Fried Corn & Zucchini with Coriander and Thyme
Fried Corn & Zucchini with Coriander and Thyme

Hello everybody, it’s John, welcome to our recipe page. Today, I will show you a way to make a distinctive dish, fried corn & zucchini with coriander and thyme. It is one of my favorites. For mine, I will make it a bit unique. This is gonna smell and look delicious.

Check Out Frying Corn On eBay. Corn season is a thing of beauty, adding color to our frying pans and sweet flavor to our dinners. While there are any number of ways to show off great summer corn - oven-roasted or grilled corn on the cob always please - there's something about skillet-fried corn that stands out in our book. Simple and speedy, this classic Southern Fried.

Fried Corn & Zucchini with Coriander and Thyme is one of the most well liked of current trending foods on earth. It’s appreciated by millions daily.
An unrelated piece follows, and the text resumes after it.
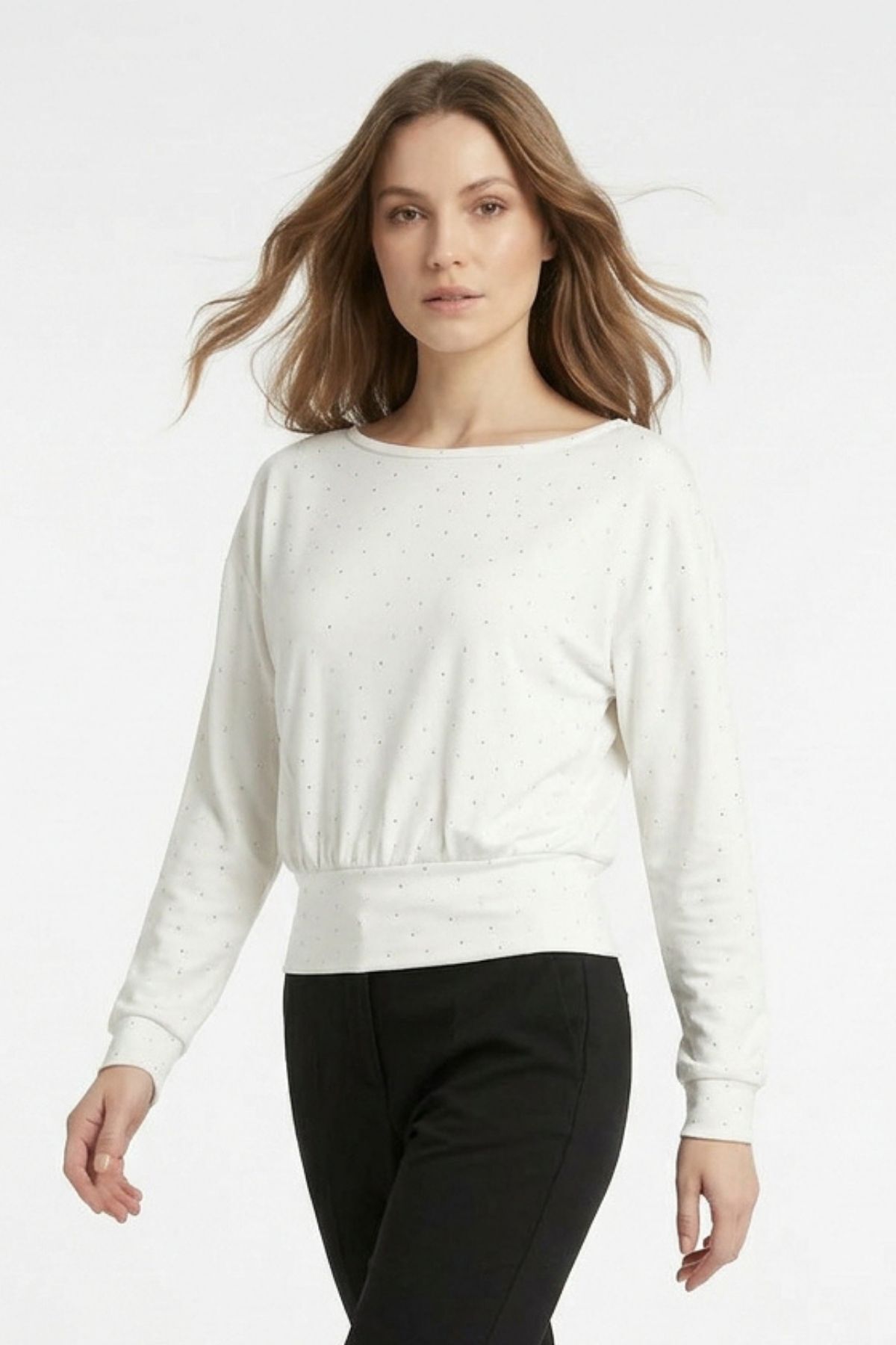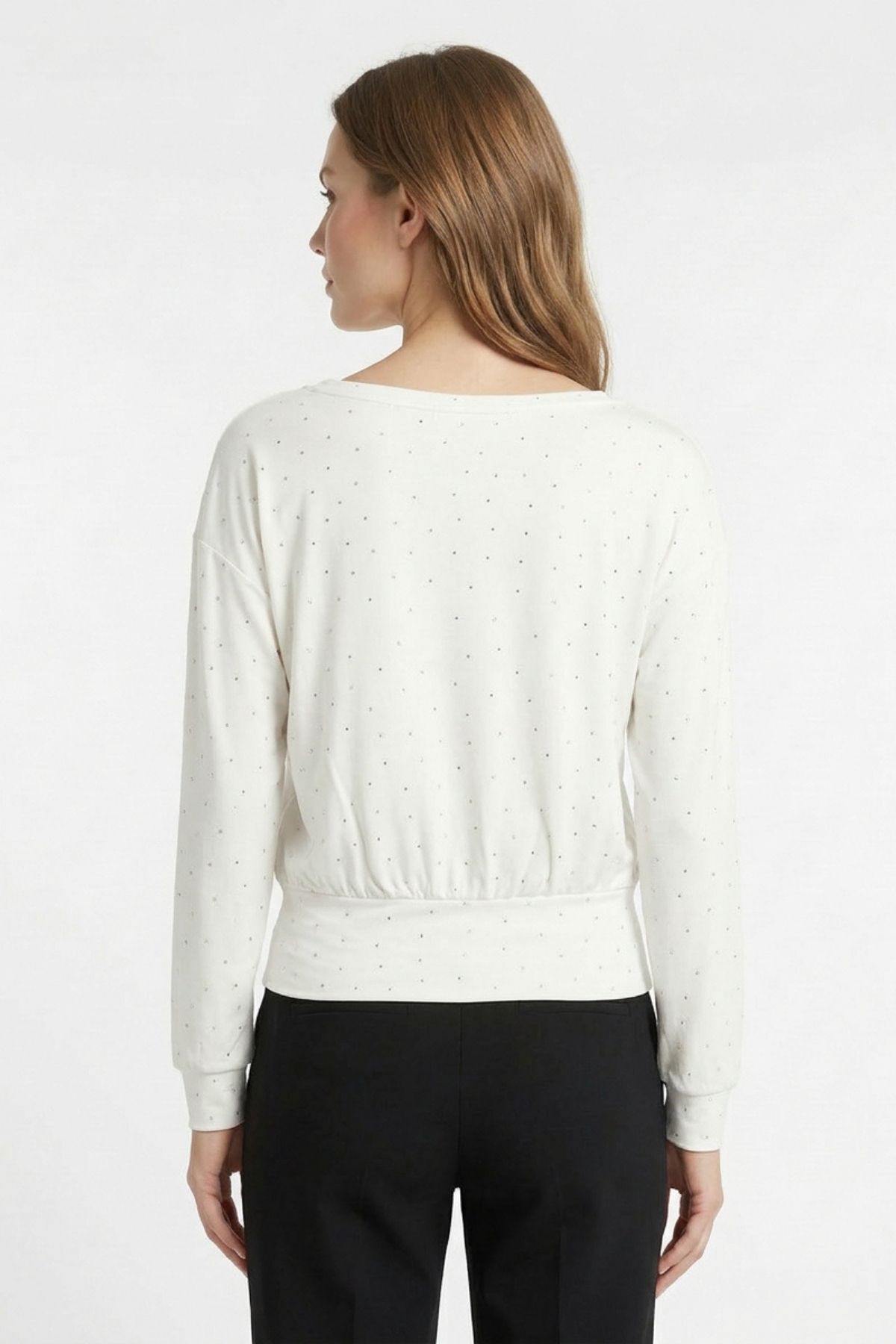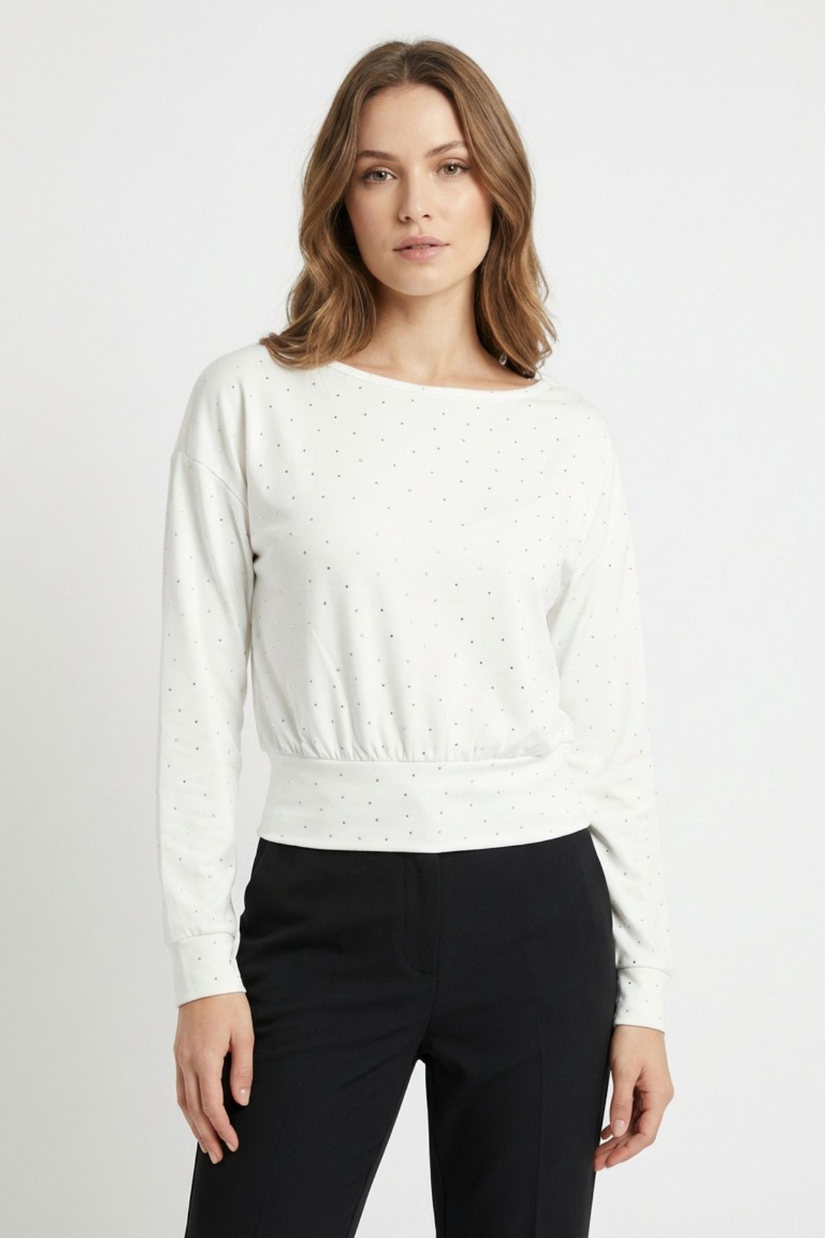 8364 Kayık Yaka Taş Detaylı Bluz

It’s easy, it is quick, it tastes delicious. Fried Corn & Zucchini with Coriander and Thyme is something which I’ve loved my entire life. They are nice and they look wonderful.
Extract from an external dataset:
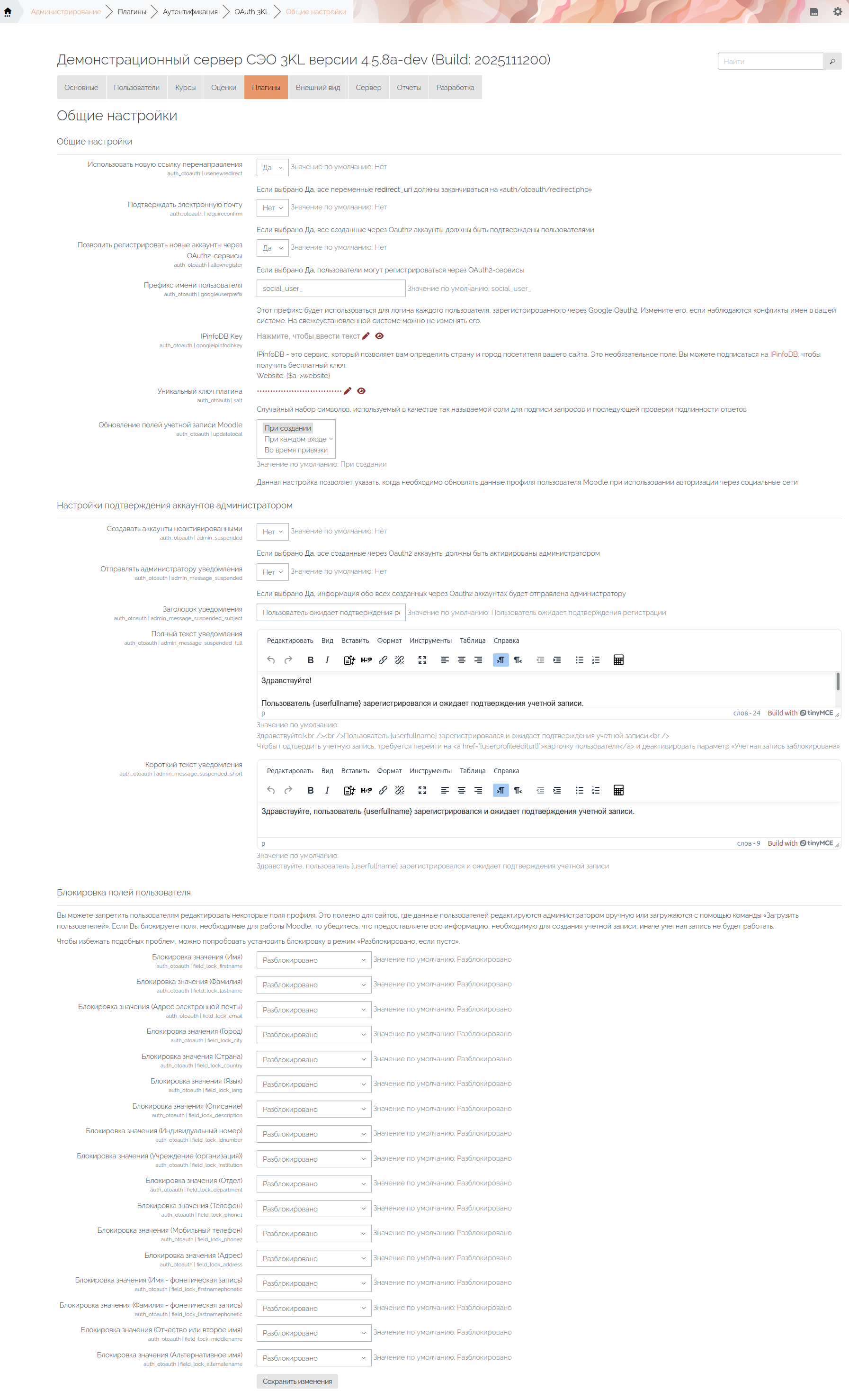 Для плагина «OAuth 3KL» доступны следующие интерфейсы с настройками:
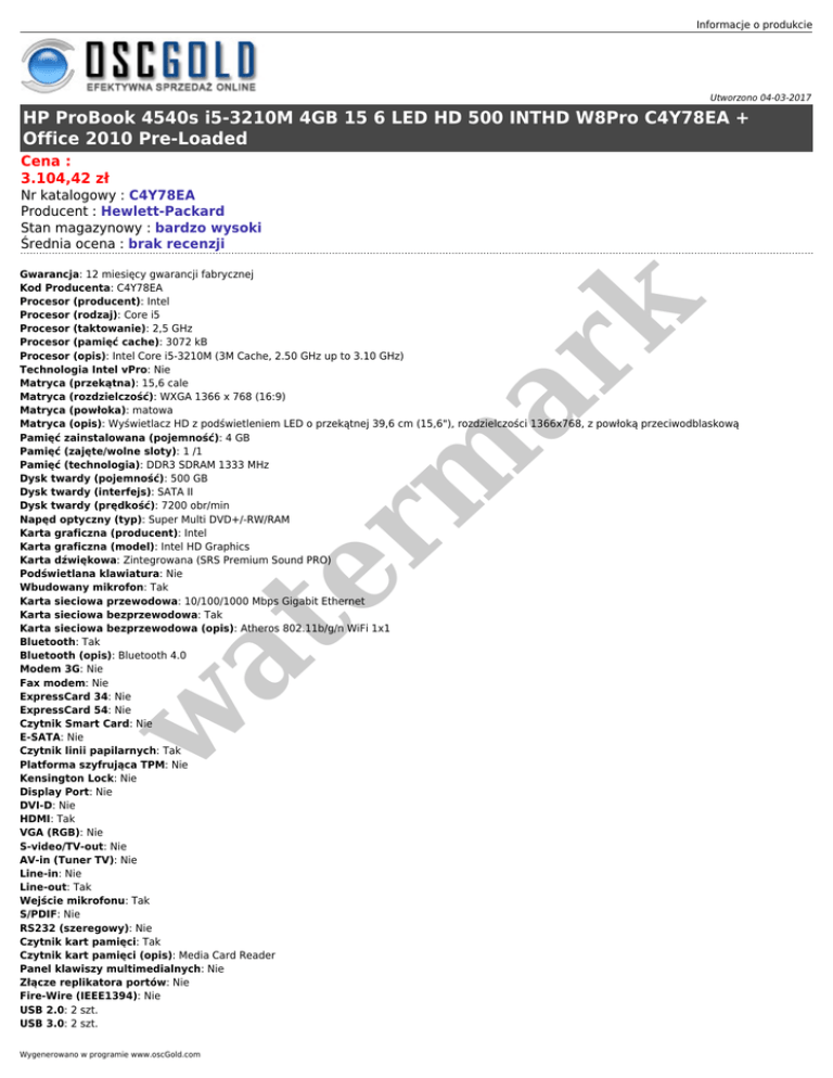 Informacje o produkcie Utworzono 04-03-2017 HP ProBook 4540s i5-3210M 4GB 15 6 LED HD 500 INTHD W8Pro C4Y78EA + Office 2010 Pre-Loaded Cena : 3.104,42 zł Nr katalogowy : C4Y78EA Producent : Hewlett-Packard Stan magazynowy : bardzo wysoki Średnia ocena : brak recenzji w at er m ar k Gwarancja: 12 miesięcy gwarancji fabrycznej Kod Producenta: C4Y78EA Procesor (producent): Intel Procesor (rodzaj): Core i5 Procesor (taktowanie): 2,5 GHz Procesor (pamięć cache): 3072 kB Procesor (opis): Intel Core i5-3210M (3M Cache, 2.50 GHz up to 3.10 GHz) Technologia Intel vPro: Nie Matryca (przekątna): 15,6 cale Matryca (rozdzielczość): WXGA 1366 x 768 (16:9) Matryca (powłoka): matowa Matryca (opis): Wyświetlacz HD z podświetleniem LED o przekątnej 39,6 cm (15,6"), rozdzielczości 1366x768, z powłoką przeciwodblaskową Pamięć zainstalowana (pojemność): 4 GB Pamięć (zajęte/wolne sloty): 1 /1 Pamięć (technologia): DDR3 SDRAM 1333 MHz Dysk twardy (pojemność): 500 GB Dysk twardy (interfejs): SATA II Dysk twardy (prędkość): 7200 obr/min Napęd optyczny (typ): Super Multi DVD+/-RW/RAM Karta graficzna (producent): Intel Karta graficzna (model): Intel HD Graphics Karta dźwiękowa: Zintegrowana (SRS Premium Sound PRO) Podświetlana klawiatura: Nie Wbudowany mikrofon: Tak Karta sieciowa przewodowa: 10/100/1000 Mbps Gigabit Ethernet Karta sieciowa bezprzewodowa: Tak Karta sieciowa bezprzewodowa (opis): Atheros 802.11b/g/n WiFi 1x1 Bluetooth: Tak Bluetooth (opis): Bluetooth 4.0 Modem 3G: Nie Fax modem: Nie ExpressCard 34: Nie ExpressCard 54: Nie Czytnik Smart Card: Nie E-SATA: Nie Czytnik linii papilarnych: Tak Platforma szyfrująca TPM: Nie Kensington Lock: Nie Display Port: Nie DVI-D: Nie HDMI: Tak VGA (RGB): Nie S-video/TV-out: Nie AV-in (Tuner TV): Nie Line-in: Nie Line-out: Tak Wejście mikrofonu: Tak S/PDIF: Nie RS232 (szeregowy): Nie Czytnik kart pamięci: Tak Czytnik kart pamięci (opis): Media Card Reader Panel klawiszy multimedialnych: Nie Złącze replikatora portów: Nie Fire-Wire (IEEE1394): Nie USB 2.0: 2 szt. USB 3.0: 2 szt. Wygenerowano w programie www.oscGold.com w at er m ar k System operacyjny: Windows 8 Professional 64 bit System operacyjny (wer. Językowa): polski Dodatkowe oprogramowanie: HP Recovery Manager; HP Support Assistant; Oprogramowanie z obsługą technologii HP Hotkey Support; HP Power Assistant; HP Connection Manager; HP Wireless Assistant; Pakiet ArcSoft Total Media; WinZip , Pakiet Microsoft Office Starter. Wbudowana kamera: Tak Wbudowana kamera (opis): Kamera internetowa 720p HD Urządzenie wskazujące: Tabliczka dotykowa z wyłącznikiem, sterowaniem gestami, wyłącznikiem z podświetleniem LED, przewijaniem dwukierunkowym i dwoma przyciskami wyboru Akumulator (technologia): 6-ogniwowy akumulator litowy (47 Wh) Akumulator (czas pracy): 7 h Wymiary (wysokość): 28 mm Wymiary (szerokość): 375 mm Wymiary (głębokość): 256 mm Waga: 2,5 kg Gwarancja: 12 mies Gwarancja międzynarodowa: Tak Gwarancja baterii: 12 mies Wyposażenie: Zasilacz sieciowy Opis: Idealne dla małych i średnich firm. Są wyposażone w narzędzia multimedialne, łatwe w obsłudze zabezpieczenia, aluminiową obudowę zapewniającą dodatkową ochronę i ekran HD o przekątnej 39,6 cm (15,6 cala) Adres www producenta: Link na stronę opisu technicznego

To get started with this recipe, we have to first prepare a few ingredients. You can have fried corn & zucchini with coriander and thyme using 8 ingredients and 5 steps. Here is how you cook that.

The ingredients needed to make Fried Corn & Zucchini with Coriander and Thyme:
  1. Get 2 ears fresh corn
  2. Take 1/2 small zucchini
  3. Make ready 1/2 red onion or regular onion
  4. Prepare 1 handful greens (e.g. beet greens, spinach, kale, etc.)
  5. Make ready 1/2 tsp ground coriander seed or more to taste
  6. Prepare 2-3 sprigs fresh thyme
  7. Prepare 1 Tbsp olive oil
  8. Take to taste salt and pepper

Southern-fried corn cooked in a cast-iron skillet is the perfect side dish. With only five ingredients, including fresh sweet corn and bacon, this recipe pairs beautifully with just about any entree and is a real family favorite. Place bacon in a large, deep skillet. Cook over medium-high heat until evenly brown, but still soft.
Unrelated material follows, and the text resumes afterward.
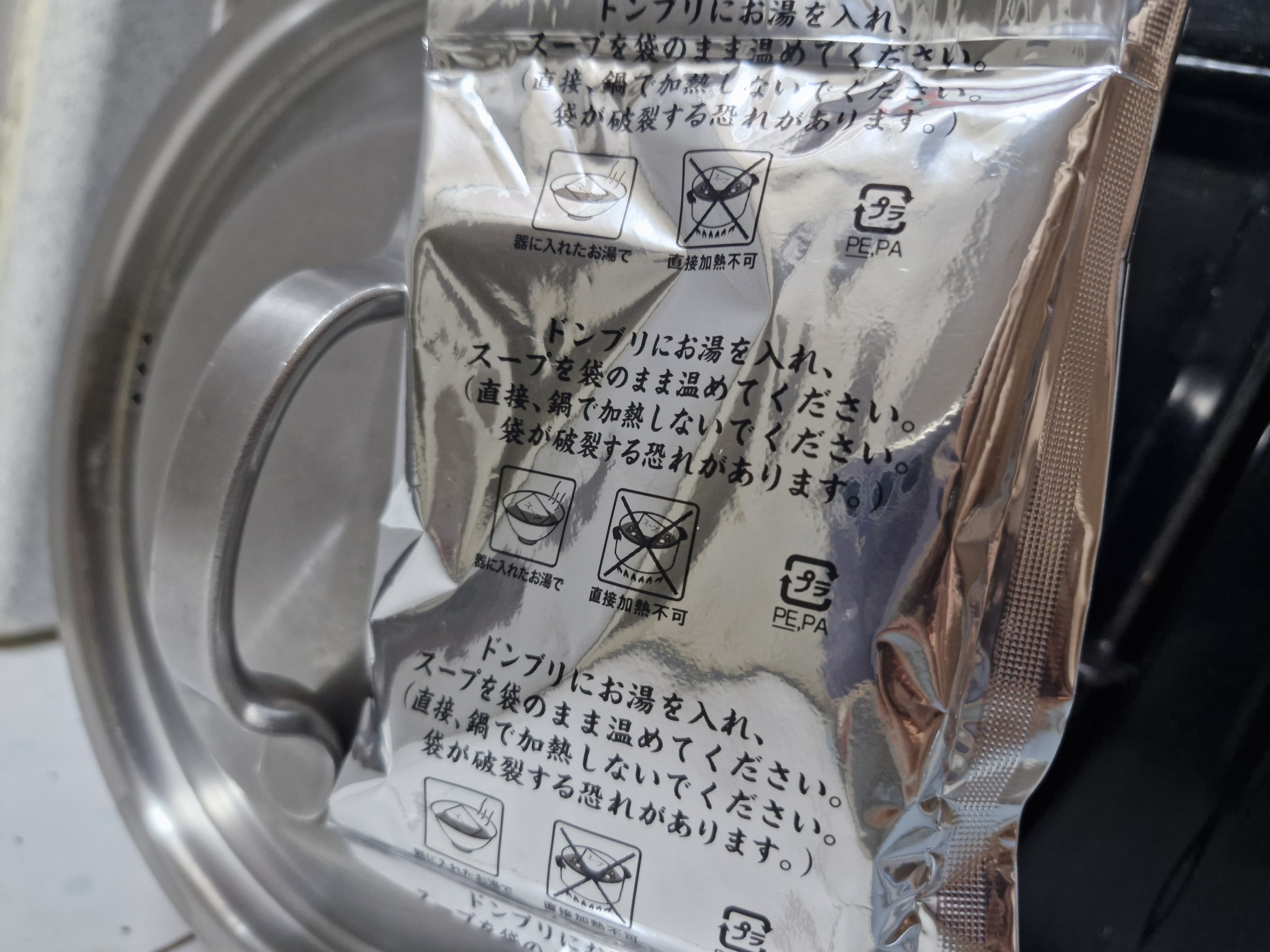 팔팔 끓고 있는 물이 아닌, 뜨거운 물에 스프를 넣고 따뜻해질 때까지 방치하면 됩니다

Steps to make Fried Corn & Zucchini with Coriander and Thyme:
  1. Cut the kernels from the corn cobs with a knife. Cut the zucchini into bite-size pieces. Dice the onion. Roughly chop the greens.
  2. Heat a frying pan on medium and add the oil. When oil is hot add the onion and saute for 2-3 minutes until soft.
  3. Add the corn, zucchini, stems of the greens (if any), coriander, thyme, and a good pinch of salt. Saute until zucchini and stems begin to get somewhat softened (maybe about 5-7 minutes), then add the rest of greens. Add more olive oil while sautéing if needed.
  4. Continue to saute until the greens are wilted and the corn is done cooking (maybe another 2-3 minutes). Adjust the salt and sprinkle in pepper to taste.
  5. Serve as is, on top of salads, or in corporate into a sandwich.

Place bacon in a large, deep skillet. Cook over medium-high heat until evenly brown, but still soft. Skillet-fried corn is a Southern favorite and is a go-to recipe when corn on the cob is at its peak. This recipe is different from creamed corn, another popular dish from down South, in that it does not include any milk or flour. Instead, this savory side dish boasts bacon drippings, a nice counterpoint to the to sweet corn.